The Baca Ranch, on NM 313 in Algodones, has been host to several movies and TV shows, which include “Breaking Bad” and “Terminator Salvation,” and now is being used to film the ABC-TV series “Big Sky”— and it could be the location for yet another blockbuster in the near future.

“We’ve been invited to watch some of the productions as they took place,” said Baca Ranch co-owner Alfred Baca. “The production companies invited us to have lunch with the crew when they have a lunch wagon come through.

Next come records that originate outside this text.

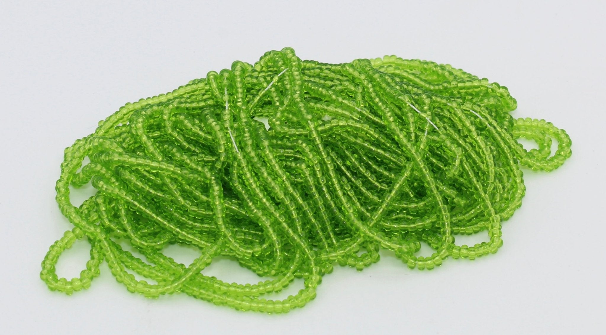 These size 10 seed beads are sold by the hank. Each hank has 12 strands of beads with a total of approximately 3800 beads.
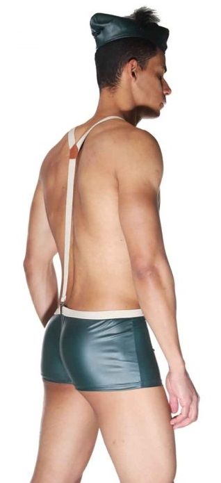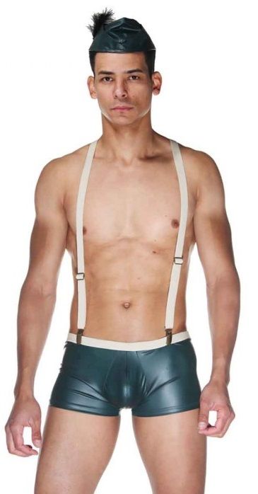 Костюм для мужчин, состоящий из трех предметов: трусов-боксеров, подтяжек и шапочки с перьями. Костюм из плотной гладкой ткани. Шапочка небольшая, также из плотной гладкой ткани, украшена перьями. В комплекте: трусы, подтяжки, шапочка. Мужской игровой костюм «Робин Гуд»
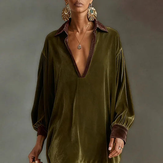 Retro Velvet Loose Casual V-neck Tassel Dress
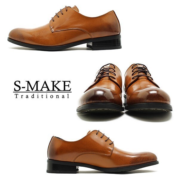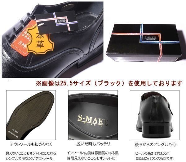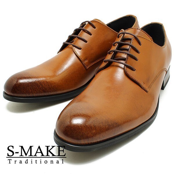 箱付き新品★日本製x本革/S-MAKE★プレーントゥ/ビジネスシューズ【26.0/EEE/茶】歩きやすい!名ブランド品質◆n7319br
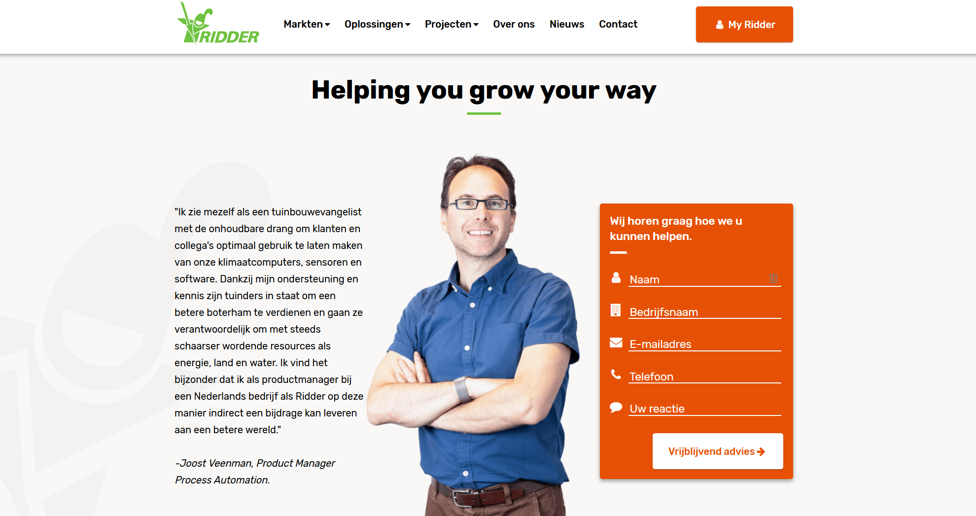 Ridder maakt gebruik van een mooi vormgegeven custom formulier voor de aanvraag van meer informatie.
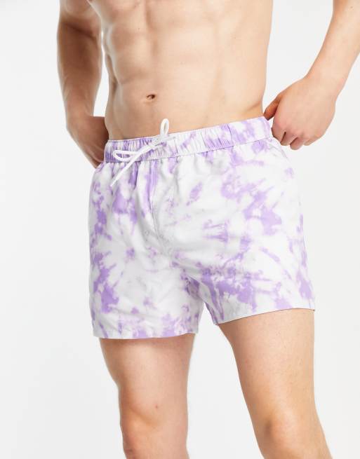 ASOS DESIGN – Superkurze Badeshorts mit lila Batikmuster
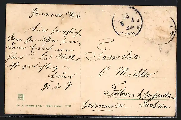 alte Ansichtskarte, gelaufen, Briefmarke entfernt, rückseitig Oberflächenschaden, guter Zustand
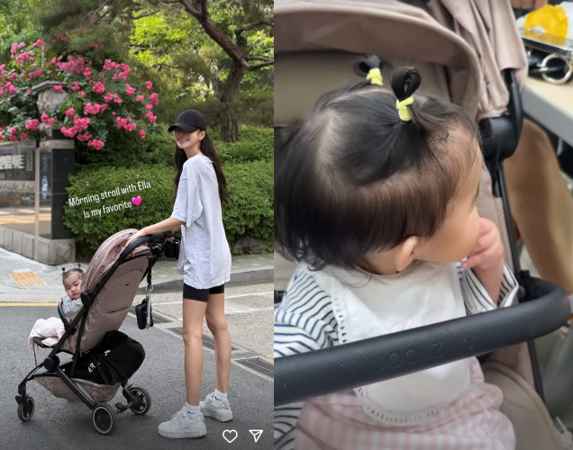 김윤지는 27일 딸과의 일상을 담은 사진을 공개하고 "엘라와의 아침 산책은 내 최애"라고 적었다.
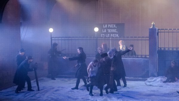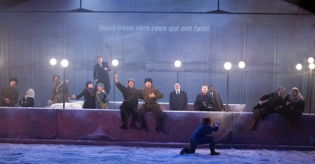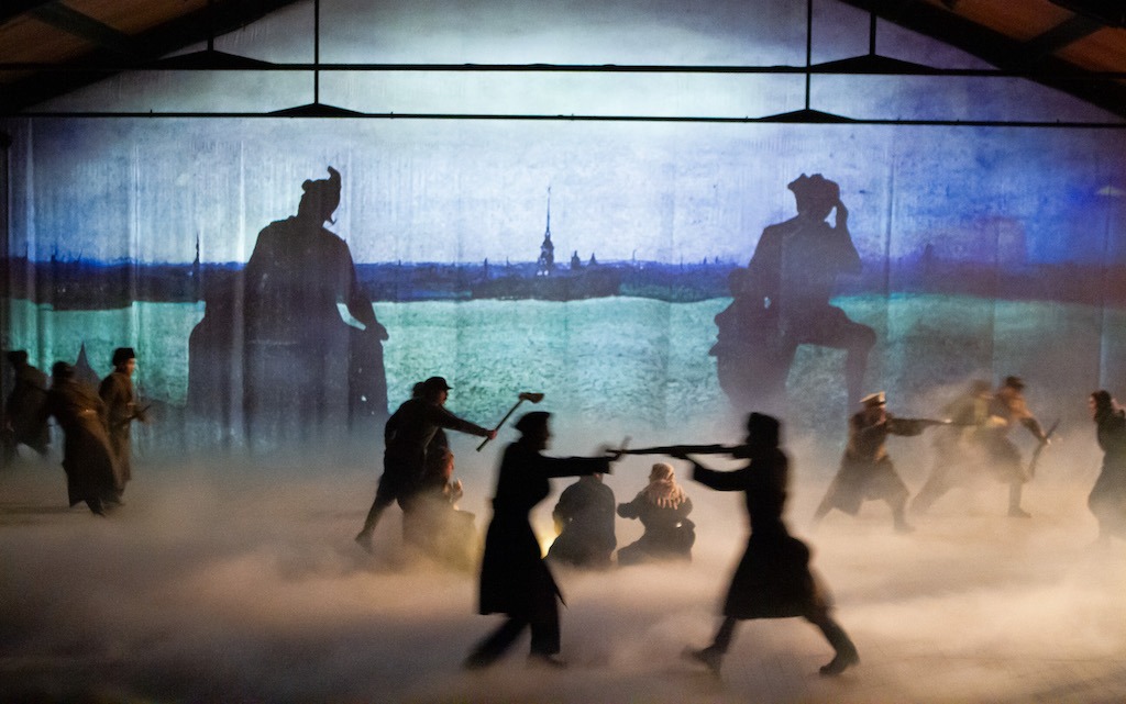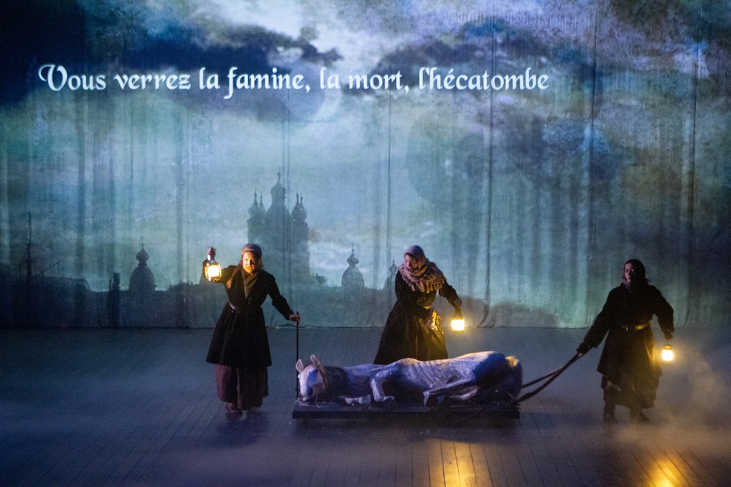 Le spectacle plonge donc avec de la fumée, des bruits de bottes et des cris de famine au cœur de l’année 1917. Raspoutine est assassiné, la guerre produit une famine et les ouvriers se mettent en grève, les matelots s’insurgent, le prix du pain s’envole : c’est la grève générale, l’insurrection gagne tous les quartiers et les soldats, les matelots pactisent avec les révoltés. C’est tout cela qui va nous être raconté sur un plateau, livre d’histoire en images qui fait rouler des toiles enneigées sous des lumières australes et des cieux flambant d’incendies encore fumants. Jusqu’à la fin du tsarisme et l’arrestation de Nicolas II, le spectacle se poursuit de manière épique avec la formation des Soviets, le retour en Russie de Lénine en train blindé, porteur des idéaux de la révolution avortée en Allemagne, le retour de Trotski et la prise de pouvoir des Bolcheviks avec l’invasion du Palais d’Hiver. Comme chez Shakespeare, nous assistons en permanence à plusieurs intrigues. Macbeth, Hamlet, Antoine et Cléopâtre font face à Guerre et Paix de Tolstoi, L’Iliade et l’Odyssée d’Homère à travers une masse de discours historiques, de documents véritables qui reprennent vie devant nos yeux et nos oreilles. Et cette vie se saisit des corps habités des comédiens, dissociés de celle des voix, en russe.

But for the most part, we don’t get involved with the filming.”

However, he said there have been several times when he has turned on the TV and recognized the location in the film as his family’s ranch.

For example, Alfred Baca said he noticed a mesa on his ranch in the 2008 movie “Appaloosa,” starring Ed Harris, Viggo Mortensen and Renee Zellweger, as the two main characters rode their horses.

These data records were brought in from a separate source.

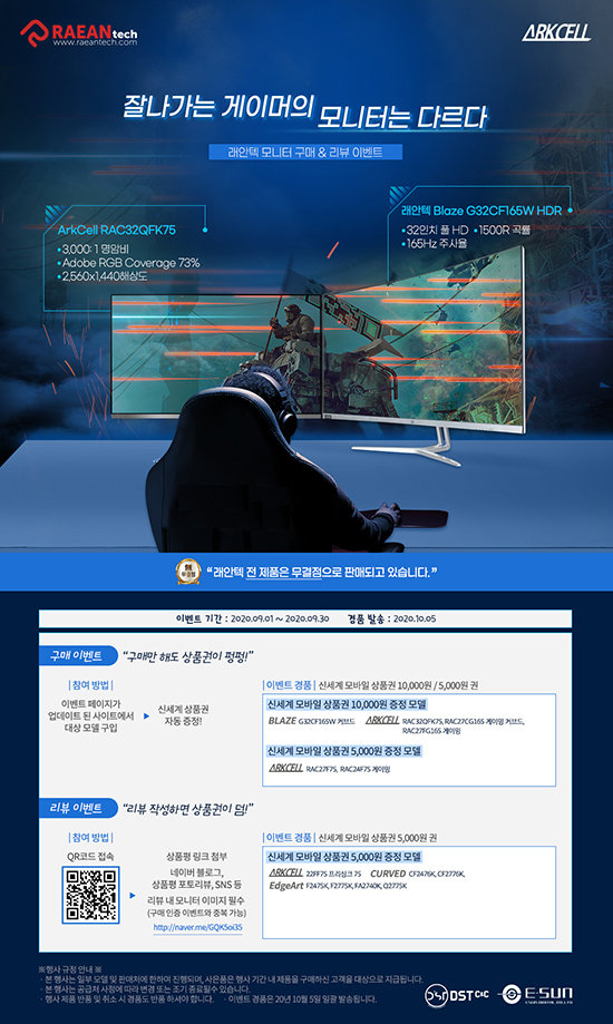 À̹ø ÇÁ·Î¸ð¼ÇÀº ·¡¾ÈÅØ ¾ÆÅ©¼¿ °ÔÀÌ¹Ö ¸ð´ÏÅÍ °ø½Ä ¼öÀÔ»ç À̼±µðÁöÅ»°ú µð¿¡½ºÆ¼¾¾¾Ø¾¾(DSTC&C)°¡ 9¿ù 1ÀϺÎÅÍ 9¿ù 30ÀϱîÁö ÇÔ²² ÁøÇàÇÑ´Ù. ÇÁ·Î¸ð¼Ç ´ë»ó ¸ð´ÏÅÍ ±¸¸ÅÀÚ ¹× ¸®ºä ÀÛ¼ºÀÚ Àü¿ø¿¡°Ô´Â ´ë»ó ¸ðµ¨¿¡ µû¶ó ½Å¼¼°è ¸ð¹ÙÀÏ »óǰ±Ç 10,000¿ø±Ç°ú 5,000¿ø±ÇÀ» ÁõÁ¤ÇÑ´Ù.
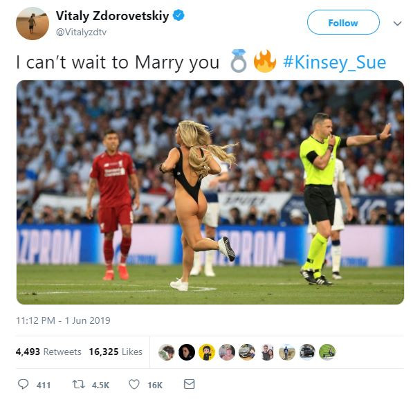 ”Am întrerupt finala Champions League. Viața trebuie trăită, fă lucruri nebune pe care ți le vei aminti mereu” a fost reacția lui Kinsey Wolanski pe Instagram unde a postat și o glumă la adresa lui Harry Winks, de la Tottenham: ”L-am distras prea mult pe numărul 8?”
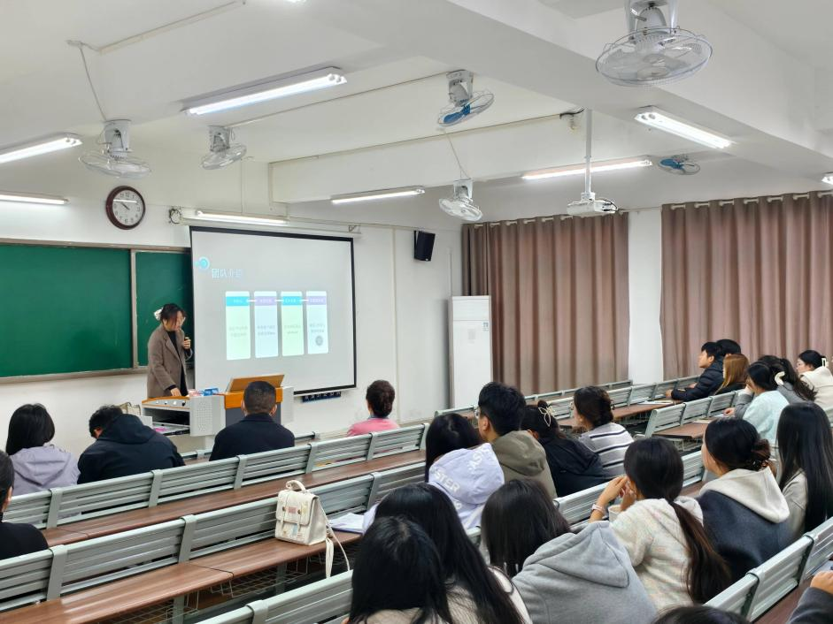 在互动交流环节,同学们围绕岗位能力要求、实习培养机制等问题积极提问,范雪梅与周雪如逐一耐心解答,现场氛围热烈。范雪梅表示,企业高度重视人才梯队建设,希望通过校园招聘吸纳更多优秀学子,同时期待与我院深化合作,共同培养符合产业需求的应用型人才。
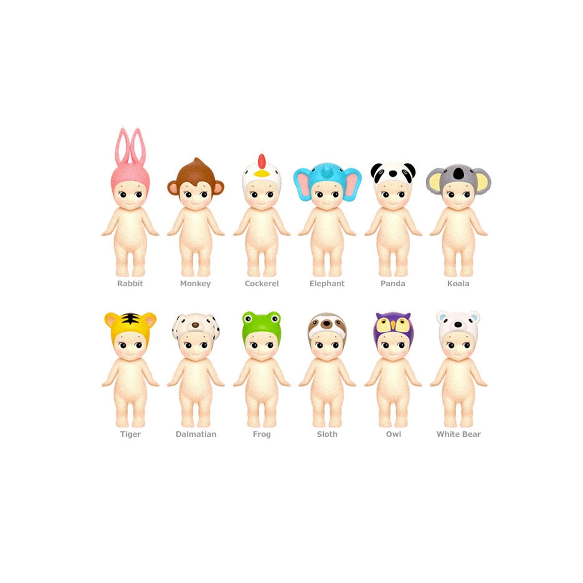 Sonny Angel mini figures wearing animal headgear. Figures come in a blind box—open to see which one you get.
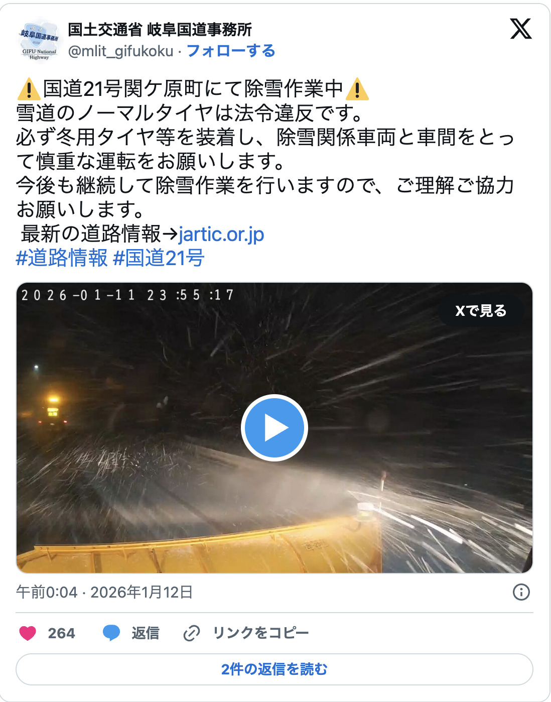 岐阜國道事務所在官方SNS上貼出了現場道路攝影機的畫面,同時對這起明明已經反覆呼籲做好雪地準備卻仍發生的行駛困難事件,表達了強烈的不滿,語氣嚴厲地寫道:
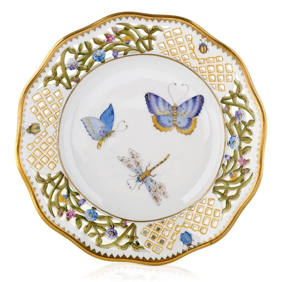Anna Weatherley introduces a stunning lace porcelain collection, highlighting the technical skills of the master ceramicists. Each plate boasts incredible skillful piercing, creating a lacework style lattice, outlined in handpainted lines adding a whimsical charm to the complex procedure. Of course, the handpainted design is quintessential Anna Weatherley, paying home to the artisanal European tradition with butterflies, flowers, and other garden life. Handmade porcelain from Hungary, handpainted with 24k gold accents. Each plate is signed by the artist.
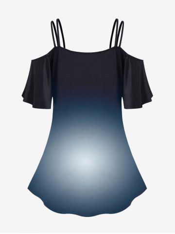 Plus Size Flower Leaf Heart Fog Ombre Colorblock 3D Print Cold Shoulder T-shirt - Black - 5x
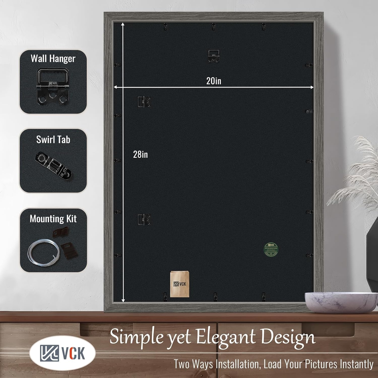 - Effortless Installation: This grey picture poster frame comes with hanging hardware for both vertical and horizontal display and features a unique spin-lock design for easy loading of 20x28 or 28x20 photos, prints, diplomas, puzzles, art, and more

“I knew the landscape looked familiar, and sure enough, this scene was shot in the (northeast) corner of our ranch,” he said.

Mary Catherine “Katy” Baca, Alfred Baca’s daughter, said she and her dad have also heard some big explosions they assumed were for special effects during a movie production.

“We hear all kinds of things crash and explode from afar,” she said. “We just assume it has something to do with that production at that time.”

The Baca Ranch consists of 250 acres of land, primarily used for cattle grazing.

Alfred Baca said the ranch used to consist of more than 500 acres that ran on both sides of the Rio Grande.

“Our family ended up selling some of the ranch land to the Santa Ana Pueblo, and now we own up to the center of the riverbed,” he said. “But at one time, we owned both sides of the river and then some.”

According to Alfred Baca, the Baca Ranch was a trust that ran for thousands of acres but was parceled out for trails, rails and roads.

“This 250 acres is the last portion of the land that we own privately,” he said. “This land has gone out of the family and came back in.”

Katy Baca said her family allows about three or four film productions to use the ranch each year.

“We are not promoting the ranch at all right now,” she said. “Most of the production companies that come through to shoot here find us by word of mouth.”

Pricing for using the ranch starts at $500 a day, depending on what the production company requires for shooting, she said.

“Most of the companies that have come in here will pay more and make sure everything is put back to normal when it’s done,” Alfred Baca said.

Besides filming and free-roam grazing for cattle, the Baca Ranch also hosts Quiet Waters Paddling Adventures.

“Quiet Waters is a rafting company located in Bernalillo…that rent kayaks to people who drop into the Rio Grande from various spots and they launch from our ranch,” Katy Baca said. “We also get river rafters from Taos to launch from here.”

The rafting and kayak tours run toward the outlet where the Bosque Brewery on US 550 is, with some rafters going all the way to Alameda, she said.

“It is my understanding that our ranch is the only private property where these tours can launch from,” Alfred Baca said.

Whatever people may be doing at the Baca Ranch, Alfred and Katy Baca are proud to see the land go to good use.

“I think this is a really beautiful place and love that we get to share it,” Katy Baca said. “I think it’s cool that the land gets to be preserved and shared for people to enjoy.”